Simulating and estimating the mixture model
require(rblm)
require(knitr)
require(kableExtra)
options(knitr.table.format = "html")
The interacted model has the following equations:
\[ Pr[ Y_{it} \leq y | k,\ell ] = \Phi( \mu_{k\ell}, \sigma_{k\ell}) \]
set.seed(324313)
model = m2.mixt.new(nk=3,nf=5,fixb=T,stationary = T)
# simple complementatiry
model$A1 = seq(0.1,1,l=model$nf) %o% seq(0.1,1,l=model$nk)
model$A2 = model$A1
# small variance
model$S1[] = 0.2
model$S2[] = 0.2
# simple sorting
model$pk0[1,,] = exp(3*model$A1)/rowSums(exp(3*model$A1))

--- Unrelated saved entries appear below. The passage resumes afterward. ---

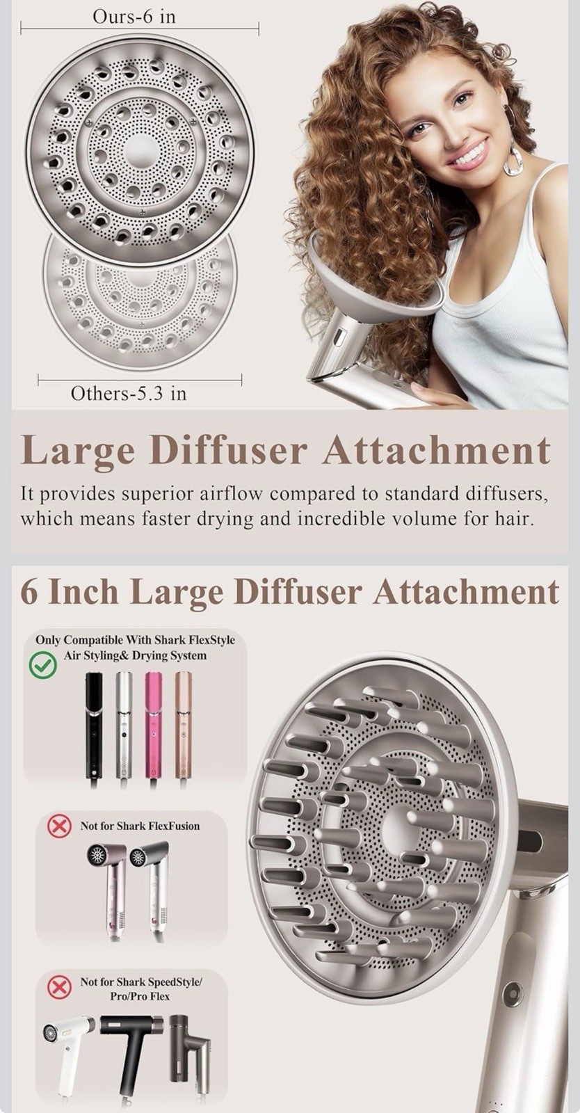 New in open box: Perfect Seamless Fit For Shark FlexStyle HD400 Series: Exclusively designed as Large Diffuser Attachment compatible with HD400, HD430, HD432, HD435, HD440 Model. Please ensure compatibility: NOT COMPATIBLE WITH Shark FlexFusion/SpeedStyle/Pro/Pro Flex Larger Size for Save Your Time: This 6 inches large diffuser attachment is not the same as the regular 5.3 inches diffuser. It provides superior airflow compared to standard diffusers, which means faster drying and incredible volume for hair Extended Prongs: Reach to the roots and add volume to curly hair of any length, allowing you to achieve professional-looking results in less time Salon-Quality Results: Specifically crafted for wavy, curly, and coily hair textures, this diffuser enhances natural curls for defined and bouncy styles, delivering salon-quality results at home No Heat Damage: Even drying from root to tip with no heat damage, ensuring healthier and shinier locks with every use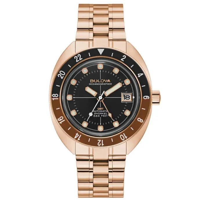 Die Bulova Analogue 'Oceanographer' Herrenuhr 97B215 ist eine Verkörperung des Bulova-Erbes, ein klassischer Zeitmesser mit einem luxuriösen Touch, der gleichzeitig maskulin und professionell wirkt. Erbaut mit einem anspruchsvollen automatischen Uhrwerk, zeigt diese Uhr perfekt die Verbindung von Ingenieurskunst und handwerklichem Können. Ihr Gehäuse in Roségold-Farbton strahlt eine warme, anziehende Eleganz aus, gepaart mit einem runden Edelstahlgehäuse, das robust und dennoch raffiniert ist. Das schwarze Zifferblatt wird durch saphirglasgeschützt und kontrastiert wunderschön mit der Roségold-Farbe, während die drehbare Lünette nicht nur funktionell, sondern auch ein markanter Designakzent ist. Die Uhr besitzt eine Wasserdichtigkeit von 20 Bars, was sie zum perfekten Begleiter für den professionellen Taucher oder für den Alltag macht, wo sie zuverlässige Leistung und Resilienz gegenüber den Elementen beweist. Das 21 cm lange und 19 mm breite Edelstahlarmband in Roségold bietet ein sicheres und komfortables Trageerlebnis durch sein innovatives Faltschloss mit Tastendruck. Das klare, analoge Display verfügt über eine Datumsanzeige, die Funktionalität mit Stil integriert, um sicherzustellen, dass jeder Blick auf die Uhr eine Freude ist.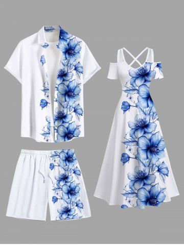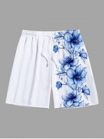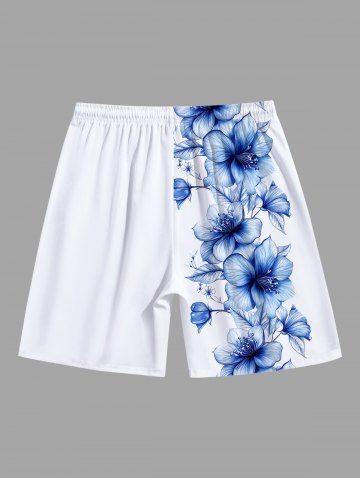 Plus Size Hibiscus Flower Tropical Print Hawaii Beach Shorts For Men - White - 2xl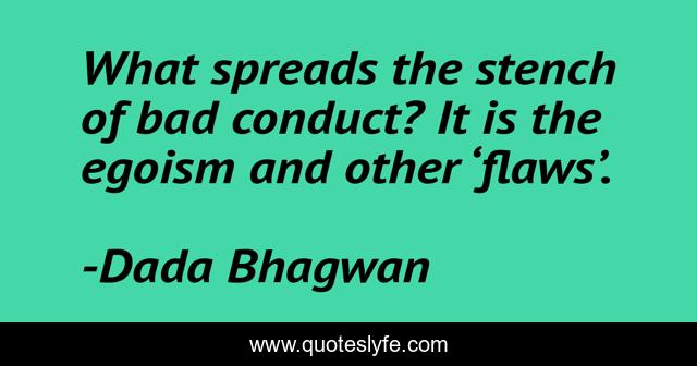 This page presents the quote "What spreads the stench of bad conduct? It is the egoism and other ‘flaws’.". Author of this quote is Dada Bhagwan. This quote is about spiritual, flaws, fault, egoism, faults, ego,.
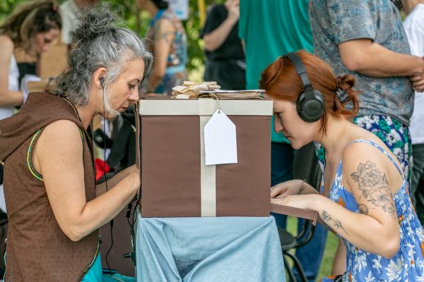 Criado na Bahia em 1989 pelas artistas Denise di Santos e Ismine Lima, o teatro lambe-lambe é uma linguagem que apresenta espetáculos de bonecos ou objetos em miniatura dentro de pequenas caixas, para um espectador por vez, proporcionando uma experiência íntima e sensorial.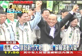无独有偶,苏贞昌今日南下彰化,为二林乡长候选人扫街拜票,也替自己广结善缘冲出人气。多名彰化议员、“立委”参选人都全程陪伴,大批支持者在一旁高喊“冻蒜(当选)”。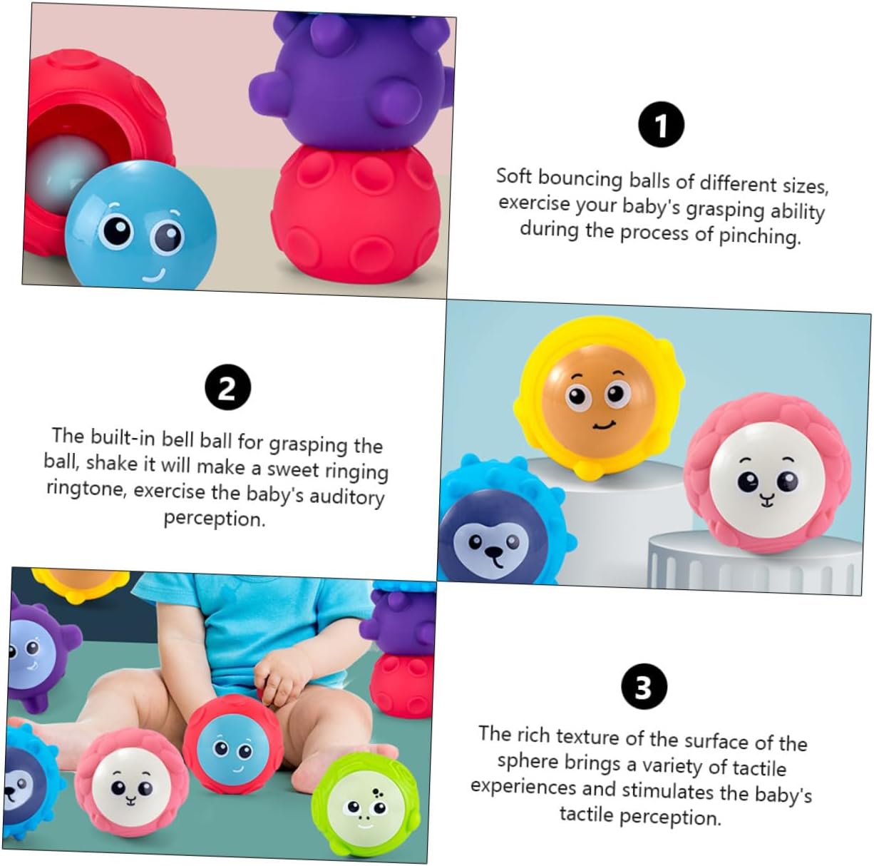 Palla interattiva per bambini: la ricca consistenza della superficie della sfera offre una varietà di esperienze tattili e stimola la percezione tattile del bambino, giocattolo confortante Prendi la palla giocattolo: rafforza la capacità di distinguere visivamente i colori e illumina un'infanzia colorata, toy ball Palla giocattolo puzzle: campanello incorporato, attirerà l'attenzione dei bambini e aiuterà a risvegliare la consapevolezza uditiva dei bambini, giocattolo da afferrare Giocattolo di percezione: adatto per lo sviluppo delle capacità, la comunicazione genitore-figlio, la coordinazione occhio-mano, giocattoli interattivi, giocattoli di comfort Palla percettiva: stimola la vista, la presa, le , l'udito, la capacità di coordinazione occhio-mano del tuo bambino, giocattolo grab ball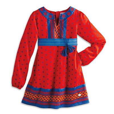 Desert Flower Dress for Girls Bold as the desert sky! Inspired by Josefina, this red tunic-style dress pops with brilliant blue flowers dotting the fabric. The hem is accented with a bright border print to match the woven tie sash at the empire waist. The long, blousy sleeves have elastic at the wrists. Tasseled neck ties and pretty blue embroidery at the neckband evoke a fun boho-chic look. Back zip. Cotton. Imported. Red. Sizes 6-16. |

# setting the number of movers and stayers
model$NNs = array(300000/model$nf,model$nf)
model$NNm = model$nf*toeplitz(ceiling(seq(100,10,l=model$nf)))
# creating a simulated data set
ad = m2.mixt.simulate.sim(model,fsize = 40)
# plot firm size distribution
ggplot(ad$sdata[,.N,f1],aes(x=N)) + geom_histogram(binwidth=1) + theme_bw()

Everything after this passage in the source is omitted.